“At what point in the sales process should I find out which competitors my prospects are looking at / comparing us to?“
My answer is going to raise some eyebrows, but here it goes anyway…
Most of us have been taught to ask our prospects “Who else are you looking at / comparing us to?” during the discovery (qualifying) phase of the sales process. I would advise against that in most cases.
I recommend you uncover which competitors your prospects were looking atAFTER the sales is either WON or LOST.
Whoa! That’s CRAZY! Or is it?
Here are the two MAJOR PROBLEMS I have with trying to uncover which competitors my prospects are looking at / comparing me to BEFORE they’ve made a decision:
- Enquiring about “who else” they are considering puts my prospects on the defense.
- They tend to defend their reasons for considering other vendors, thus selling themselves as to why the “other guy” may be a better fit.
So here’s what I like to do instead:
I like to find out what my prospects ideal solution / needs look like. I care lessabout who else they are considering and focus more on what they are after and how my solution fits their needs / wants and desires.
So after understanding the problem they want to solve, I like to identify what their ideal solution looks like to them. You can do that simply by asking a simple question such as:
“Mr. Prospect, what are the top three features our software solution has to have for you?” or;
“Mr. Prospect, other than price, what’s most important to you when selecting a vendor/company/solution to help you solve _______?”
Asking questions like this opens your prospects up where asking “who else are you looking at / considering?” puts them on the defense.
If I’ve done my job right and have asked the right questions in order to truly understand their problem and how they want it solved, I can focus my solution to their needs and won’t have to worry about what my competitors are up to.
But What if They Say They Want to “Shop Around?”
I recently had a prospect send me an email that said:
“I have one other proposal to review. Will let you know one way or the other this week.”
This was my reply:
“(PROSPECTS NAME), I’m a little surprised to hear you say you would like to still look at other options. There isn’t another sales person out there with better content for selling by phone and our delivery system is extremely successful, not to mention affordable. So the question is, what is it that you are looking for that we are missing?”
Notice I didn’t put the focus on my competition but rather on what he was after, how our solution matches up with what his needs are (GREAT CONTENT / DELIVERABILITY / AFFORDABLE) and asked what we are missing, rather than ask what do the others have that we don’t?!
PS… This was the follow-up email I got back from the prospect:
“Michael: I always do my diligence. Finished today and decided to go with your 8-week inside sales improvement program per our discussion. Please send me what I need to move forward.”

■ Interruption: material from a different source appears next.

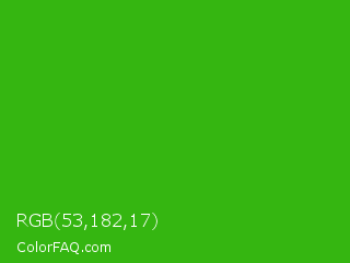 RGB 53,182,17 Color is a normal green color and the nearest color is Kelly Green #4cbb17. Hex code #35b611 and RGB value is rgb(53,182,17). In RGB color space, this color is composed of 21% red, 71% green, 7% blue, In CMYK color space, this color is composed of 71% cyan, 0% magenta, 91% yellow , 29% black , In HSL color space, this color has a hue angle of 107° , 83% saturation and 39% lightness.

If It Ain’t Broke, Don’t Fix It
If you currently use any form of questioning to uncover which competitors your prospects are considering, and it’s working for you, great. Don’t change.
But if you find that you seem to keep losing deals to your competition, try focusing more on asking the right sales questions in order to uncover what’s important to your prospect, and less on who else they are comparing you to.
PSS… Once you have WON the sale, feel free to ask who else they were considering and WHY they chose you over them. Do the same if you’ve lost the sale so you can learn to be better with the next prospect.